# WHAT IS NEEDED
What follows is a listing to transcribe exactly, leaving the pictures out.

# SUPPLIED ENTRIES

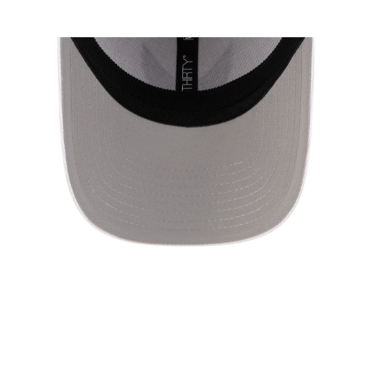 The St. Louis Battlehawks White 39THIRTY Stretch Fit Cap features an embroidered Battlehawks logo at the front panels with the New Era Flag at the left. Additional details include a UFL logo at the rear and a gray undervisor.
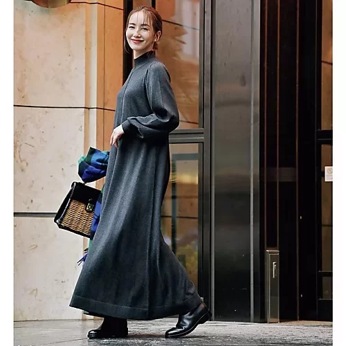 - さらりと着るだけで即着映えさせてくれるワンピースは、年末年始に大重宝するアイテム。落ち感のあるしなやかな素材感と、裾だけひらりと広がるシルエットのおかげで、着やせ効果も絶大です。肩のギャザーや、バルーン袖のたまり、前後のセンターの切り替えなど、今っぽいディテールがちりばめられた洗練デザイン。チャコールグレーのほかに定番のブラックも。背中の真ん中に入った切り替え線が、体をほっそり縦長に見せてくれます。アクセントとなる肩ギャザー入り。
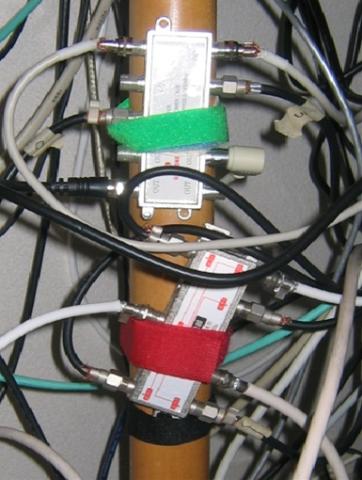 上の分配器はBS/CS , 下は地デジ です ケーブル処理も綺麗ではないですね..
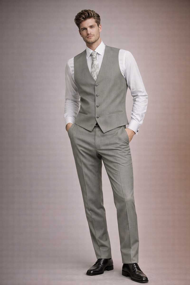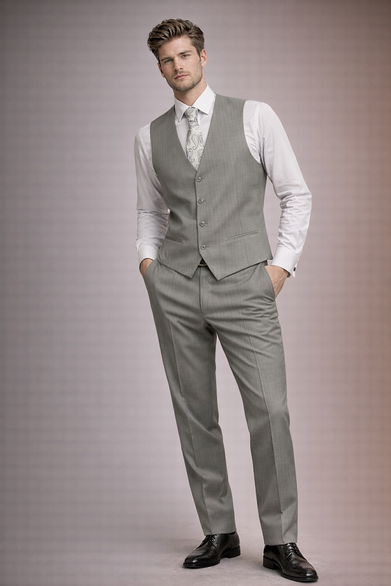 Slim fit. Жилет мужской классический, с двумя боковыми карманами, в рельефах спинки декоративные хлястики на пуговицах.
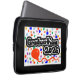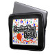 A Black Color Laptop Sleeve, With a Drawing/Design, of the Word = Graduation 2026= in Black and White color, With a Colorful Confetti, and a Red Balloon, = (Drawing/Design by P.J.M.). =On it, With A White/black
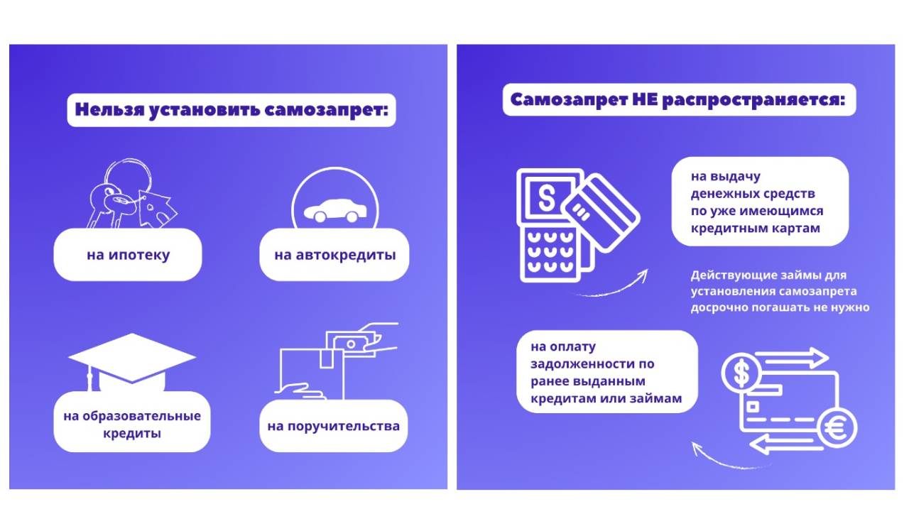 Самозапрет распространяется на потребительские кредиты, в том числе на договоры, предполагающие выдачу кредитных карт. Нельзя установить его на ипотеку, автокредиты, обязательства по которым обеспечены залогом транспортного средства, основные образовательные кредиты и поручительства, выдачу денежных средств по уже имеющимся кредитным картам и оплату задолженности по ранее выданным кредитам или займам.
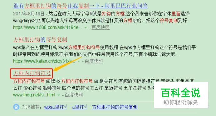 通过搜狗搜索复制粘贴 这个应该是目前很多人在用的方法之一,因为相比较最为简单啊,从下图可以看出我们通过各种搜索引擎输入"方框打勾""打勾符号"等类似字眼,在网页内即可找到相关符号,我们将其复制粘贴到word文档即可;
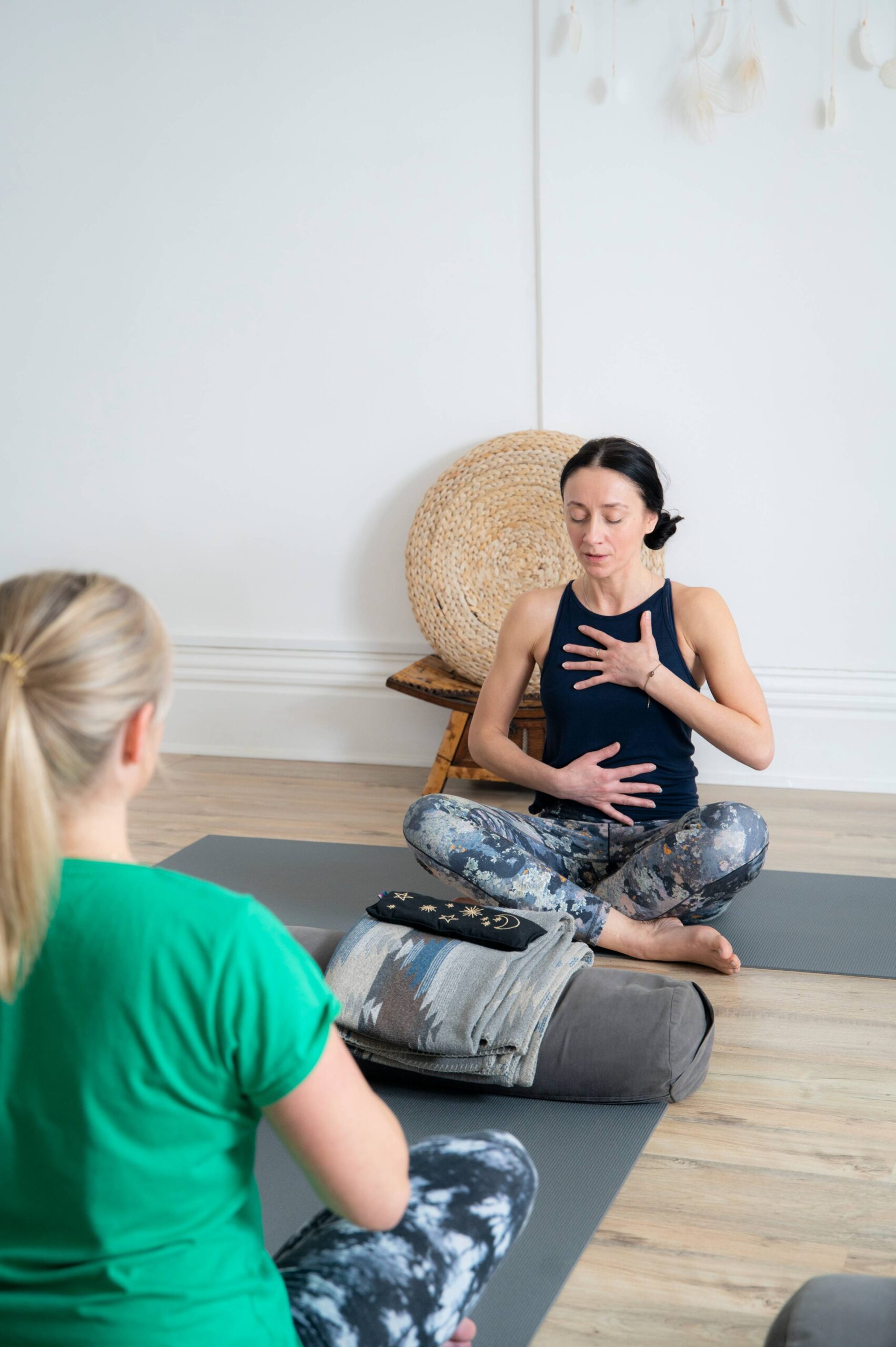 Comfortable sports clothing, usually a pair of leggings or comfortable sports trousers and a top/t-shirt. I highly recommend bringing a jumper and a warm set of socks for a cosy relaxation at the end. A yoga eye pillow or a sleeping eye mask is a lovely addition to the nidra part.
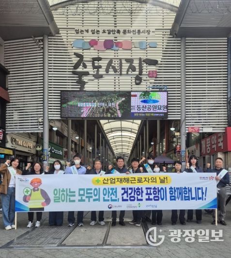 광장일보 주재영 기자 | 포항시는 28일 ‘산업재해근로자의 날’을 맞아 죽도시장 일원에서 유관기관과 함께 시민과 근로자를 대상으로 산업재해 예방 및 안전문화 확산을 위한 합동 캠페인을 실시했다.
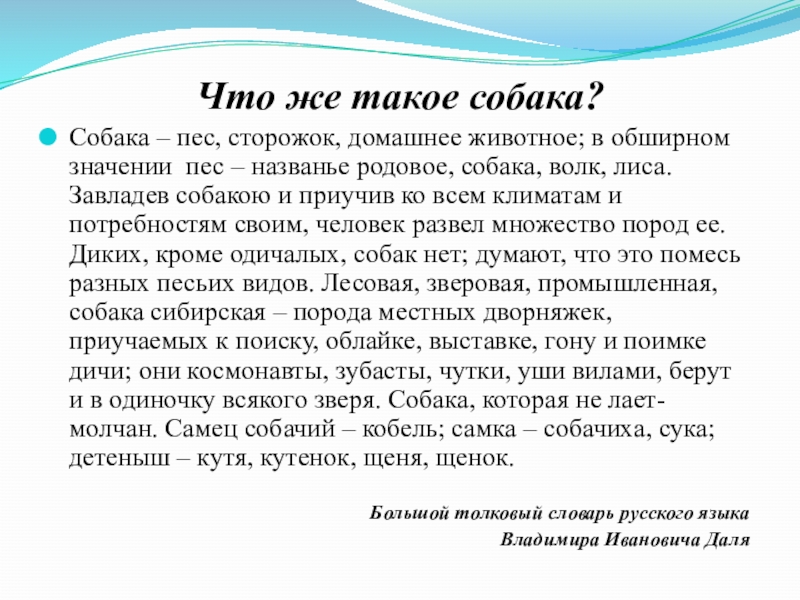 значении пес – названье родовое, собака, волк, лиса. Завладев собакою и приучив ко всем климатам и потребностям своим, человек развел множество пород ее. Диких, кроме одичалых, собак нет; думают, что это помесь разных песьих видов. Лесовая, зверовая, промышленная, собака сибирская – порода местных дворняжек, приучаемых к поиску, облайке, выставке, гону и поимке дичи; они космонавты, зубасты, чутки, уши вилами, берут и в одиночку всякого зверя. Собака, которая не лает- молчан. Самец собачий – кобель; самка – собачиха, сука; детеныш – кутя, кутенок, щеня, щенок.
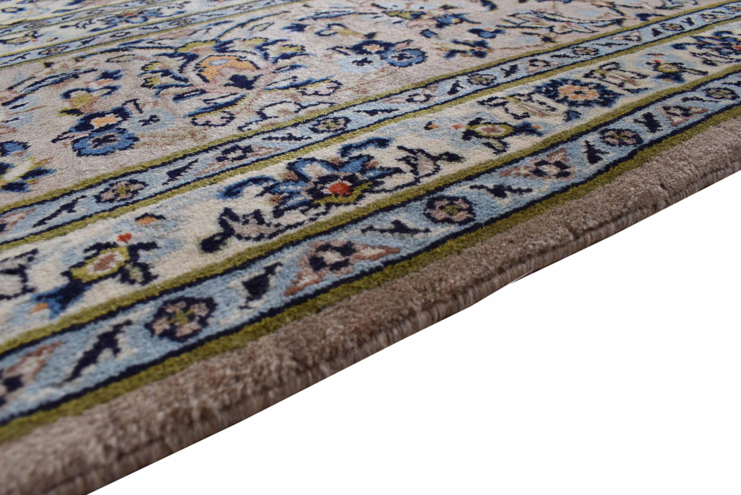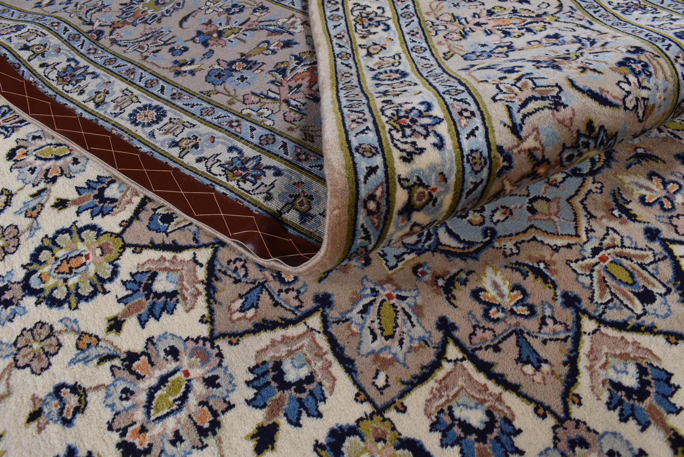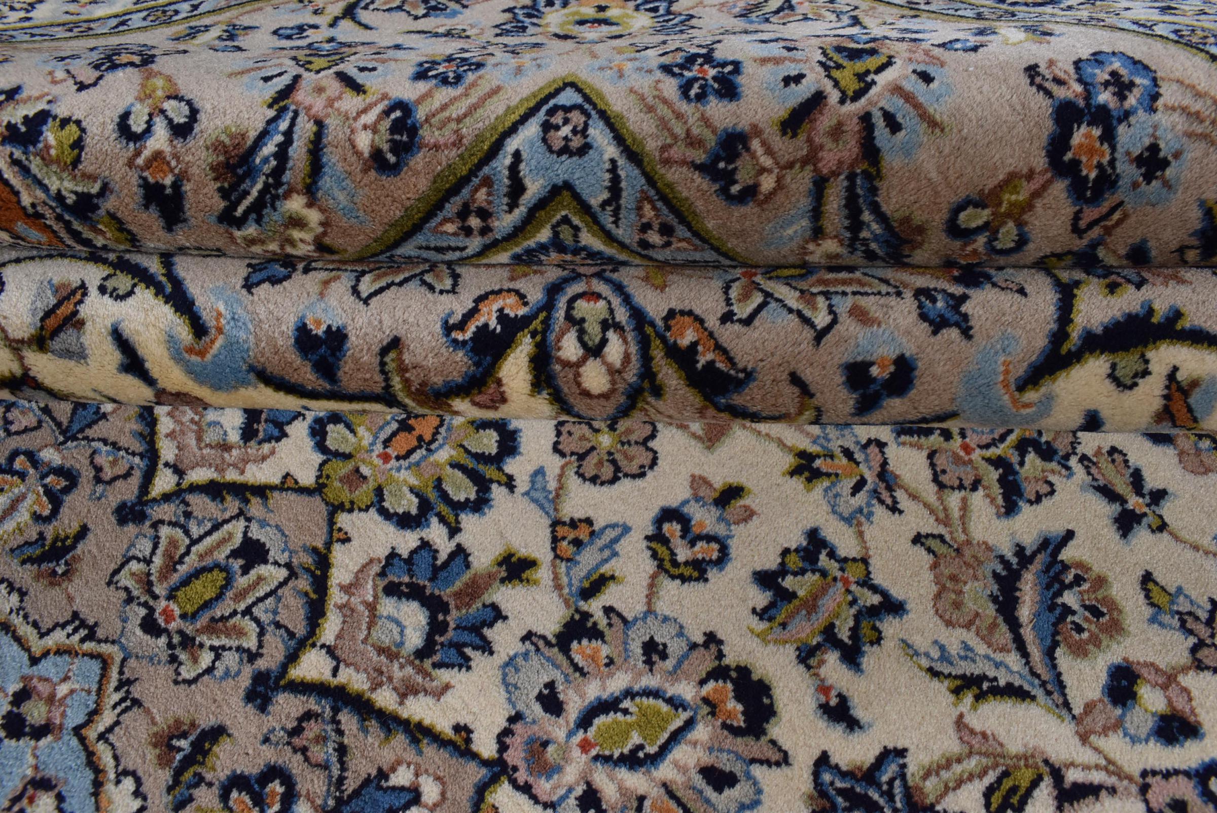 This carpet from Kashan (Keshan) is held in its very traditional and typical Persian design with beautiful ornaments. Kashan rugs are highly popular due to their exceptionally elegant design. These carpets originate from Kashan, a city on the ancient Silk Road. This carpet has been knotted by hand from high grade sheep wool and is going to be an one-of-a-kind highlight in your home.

# OUTPUT OF THE EXERCISE
 The St. Louis Battlehawks White 39THIRTY Stretch Fit Cap features an embroidered Battlehawks logo at the front panels with the New Era Flag at the left. Additional details include a UFL logo at the rear and a gray undervisor.
 - さらりと着るだけで即着映えさせてくれるワンピースは、年末年始に大重宝するアイテム。落ち感のあるしなやかな素材感と、裾だけひらりと広がるシルエットのおかげで、着やせ効果も絶大です。肩のギャザーや、バルーン袖のたまり、前後のセンターの切り替えなど、今っぽいディテールがちりばめられた洗練デザイン。チャコールグレーのほかに定番のブラックも。背中の真ん中に入った切り替え線が、体をほっそり縦長に見せてくれます。アクセントとなる肩ギャザー入り。
 上の分配器はBS/CS , 下は地デジ です ケーブル処理も綺麗ではないですね..
 Slim fit. Жилет мужской классический, с двумя боковыми карманами, в рельефах спинки декоративные хлястики на пуговицах.
 A Black Color Laptop Sleeve, With a Drawing/Design, of the Word = Graduation 2026= in Black and White color, With a Colorful Confetti, and a Red Balloon, = (Drawing/Design by P.J.M.). =On it, With A White/black
 Самозапрет распространяется на потребительские кредиты, в том числе на договоры, предполагающие выдачу кредитных карт. Нельзя установить его на ипотеку, автокредиты, обязательства по которым обеспечены залогом транспортного средства, основные образовательные кредиты и поручительства, выдачу денежных средств по уже имеющимся кредитным картам и оплату задолженности по ранее выданным кредитам или займам.
 通过搜狗搜索复制粘贴 这个应该是目前很多人在用的方法之一,因为相比较最为简单啊,从下图可以看出我们通过各种搜索引擎输入"方框打勾""打勾符号"等类似字眼,在网页内即可找到相关符号,我们将其复制粘贴到word文档即可;
 Comfortable sports clothing, usually a pair of leggings or comfortable sports trousers and a top/t-shirt. I highly recommend bringing a jumper and a warm set of socks for a cosy relaxation at the end. A yoga eye pillow or a sleeping eye mask is a lovely addition to the nidra part.
 광장일보 주재영 기자 | 포항시는 28일 ‘산업재해근로자의 날’을 맞아 죽도시장 일원에서 유관기관과 함께 시민과 근로자를 대상으로 산업재해 예방 및 안전문화 확산을 위한 합동 캠페인을 실시했다.
 значении пес – названье родовое, собака, волк, лиса. Завладев собакою и приучив ко всем климатам и потребностям своим, человек развел множество пород ее. Диких, кроме одичалых, собак нет; думают, что это помесь разных песьих видов. Лесовая, зверовая, промышленная, собака сибирская – порода местных дворняжек, приучаемых к поиску, облайке, выставке, гону и поимке дичи; они космонавты, зубасты, чутки, уши вилами, берут и в одиночку всякого зверя. Собака, которая не лает- молчан. Самец собачий – кобель; самка – собачиха, сука; детеныш – кутя, кутенок, щеня, щенок.
 This carpet from Kashan (Keshan) is held in its very traditional and typical Persian design with beautiful ornaments. Kashan rugs are highly popular due to their exceptionally elegant design. These carpets originate from Kashan, a city on the ancient Silk Road. This carpet has been knotted by hand from high grade sheep wool and is going to be an one-of-a-kind highlight in your home.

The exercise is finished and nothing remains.